Sean Lim, program director of the Minnesota Youth Collective, told legislators in testimony, “There are countless benefits to AVR: data within the system is accurate, verified, and up to date, every time a voter interacts with a government agency like the DMV, updated to reflect any address or name change, when they present documents confirming citizenship. It is safe, efficient, and seamless.
“This is great for the thousands of college students and renters I’ve engaged with, who are busy and highly mobile and move annually,” Lim said.
A record number of bills have been introduced in state legislatures this year to restrict voting access, according to the nonpartisan Brennan Center for Justice. As of February, the Brennan Center’s tracker of state voting rights bills recorded more than 150 legislative items nationwide have been introduced this year that would make it harder for eligible Americans to register to vote, stay on the voting rolls, or cast a ballot, with 27 more bills introduced that could increase partisan interference in elections.

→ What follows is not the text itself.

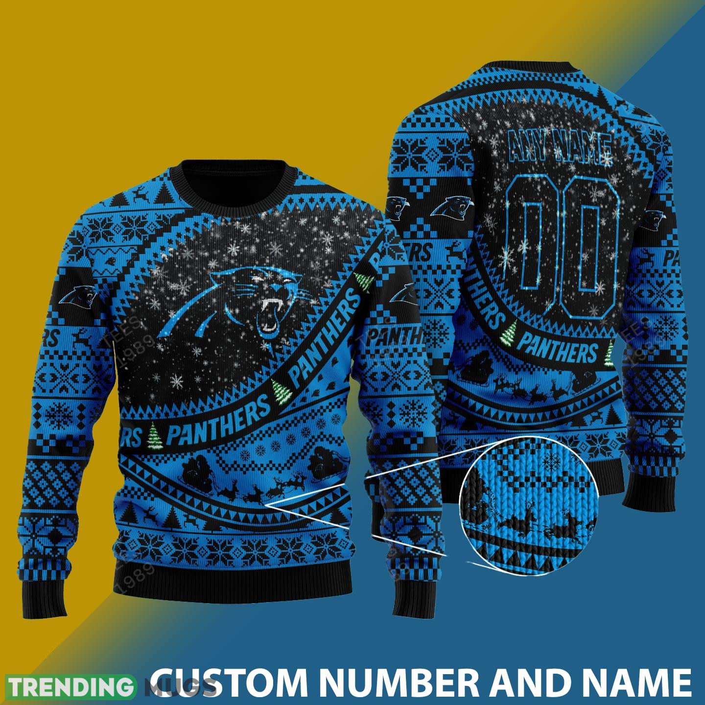 What sets this sweater apart is the ability to customize it with your very own name and number. Show off your loyalty to your favorite player or create a personalized touch that makes this sweater truly your own. Whether you’re attending a game, hosting a holiday party, or simply want to showcase your team spirit, this customized sweater is a must-have for any die-hard Carolina Panthers fan.

Such restrictive voting bills, introduced in Minnesota and states including Arizona, Maine, Tennessee, and Texas, would disproportionately impact voters of color, sometimes by discouraging registered voters from casting a ballot, according to the Brennan Center.
At the press conference, the bill’s lead Senate author Boldon said, “I come to this work because there is work I want to do making sure that we have healthcare access for everyone, that we are taking action to prevent gun violence, that we are taking action on the climate crisis, that we are taking action to prevent homelessness, that we are taking action to invest in education. I know that all that other work is predicated on having a strong and functioning multiracial, multigenerational, inclusive democracy.”
The bill’s ban on foreign-influenced election spending by corporations has roots in legislation passed by ordinance in Seattle, Washington in 2020, with similar initiatives introduced in cities including San Jose, California. A dissenting opinion in the 2010 Supreme Court Citizens United warned that allowing unlimited spending by outside groups in elections opened the door to undisclosed political interference by foreign oligarchs, international fossil fuel giants, or wealthy foreign investors with stakes in U.S. companies that seek to influence laws.
To increase transparency of the interests spending on elections, the Democracy for the People Act would adopt federal standards to define when a group’s communication advocates for the election or defeat of a candidate—even in cases when the message lacks so-called “magic words” like “vote for” or “defeat.” The reform would enhance the number of groups that spend money to influence political contests and are required to disclose their spending to the state.
“Minnesotans are now at the center of elections, not foreign corporations and wealthy special interests,” Sasse told Sludge. “This bill is a constitutionally compliant way to ensure that our elections are run by Minnesotans, for Minnesotans.”